» **Recorded information**:
=======

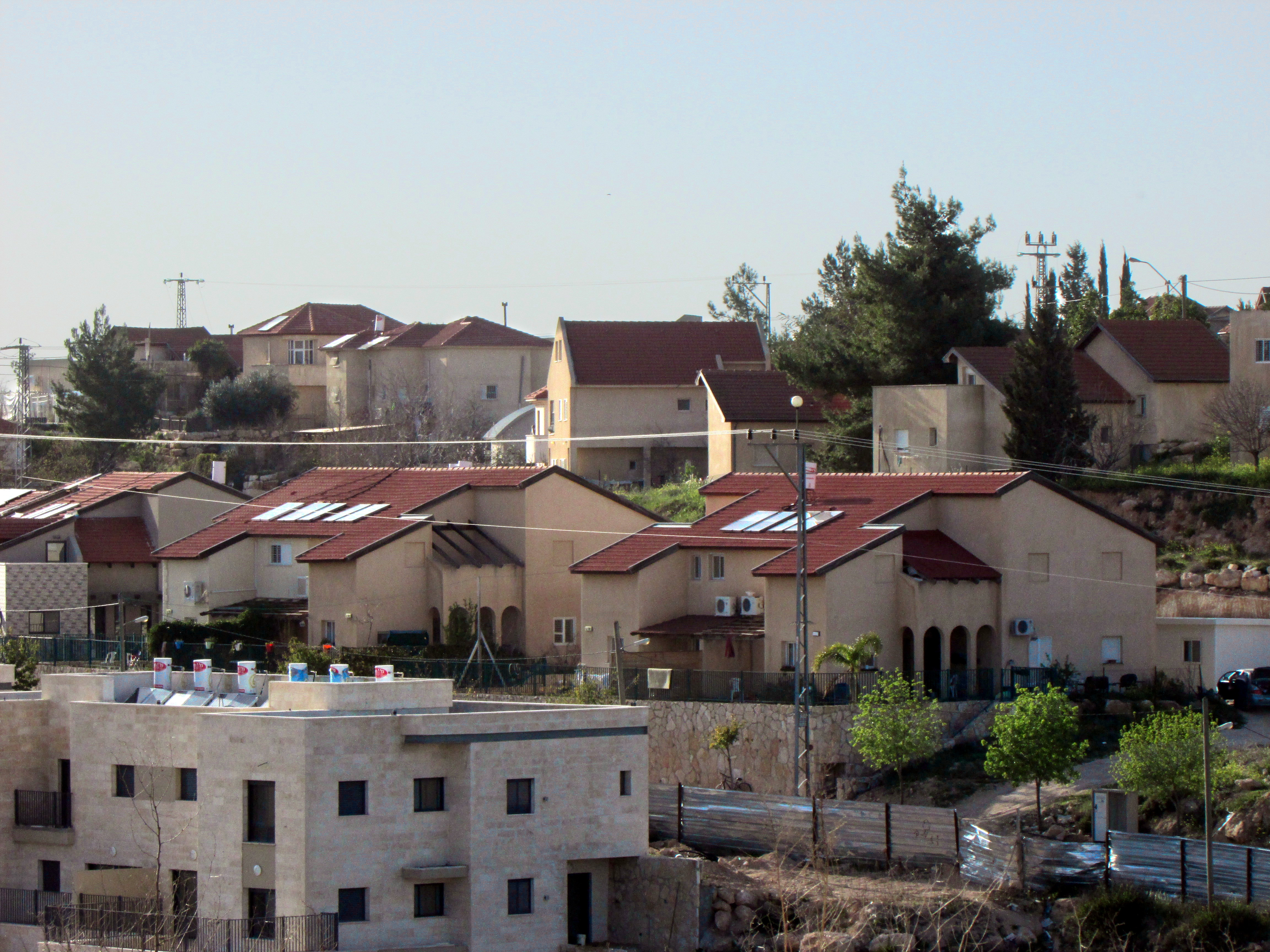 Otniel
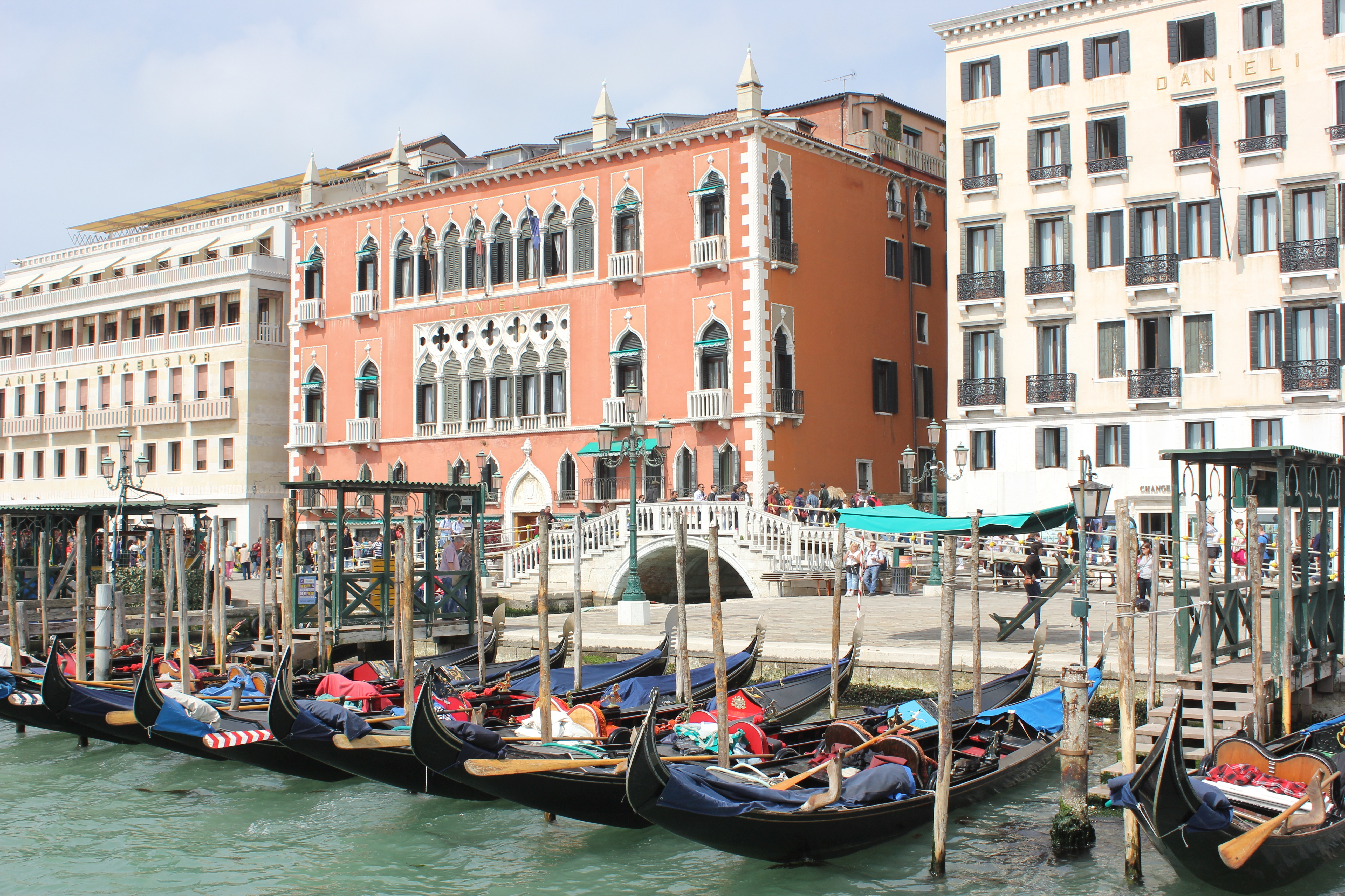 Venice - Riva degli Schiavoni
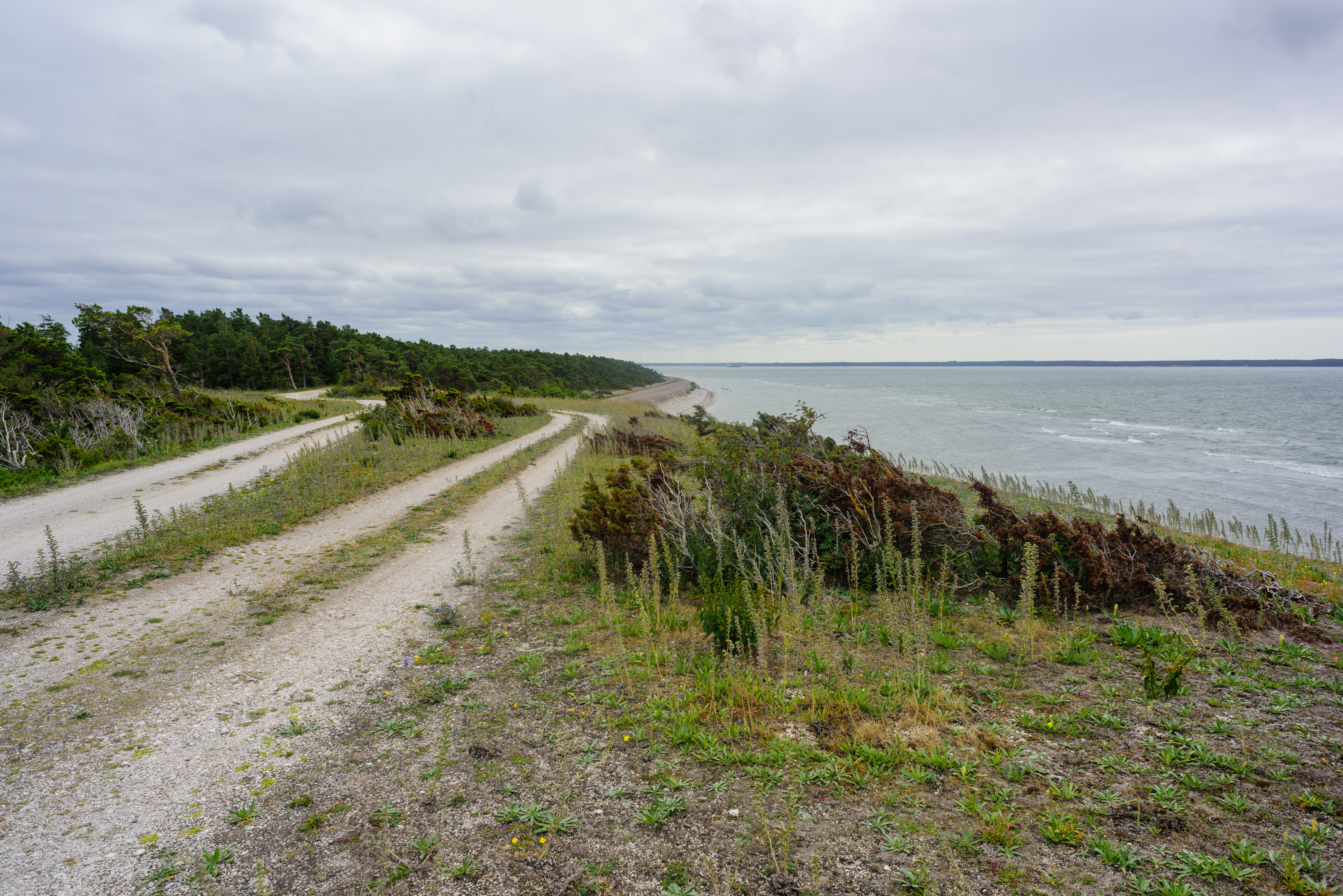 Stenkusten (the Stone coast) is a coastal area at north-eastern Gotland.

=======

» **Task item**:
Please give all of the material again, exactly, without the images.

» **Answer space**:
 Otniel
 Venice - Riva degli Schiavoni
 Stenkusten (the Stone coast) is a coastal area at north-eastern Gotland.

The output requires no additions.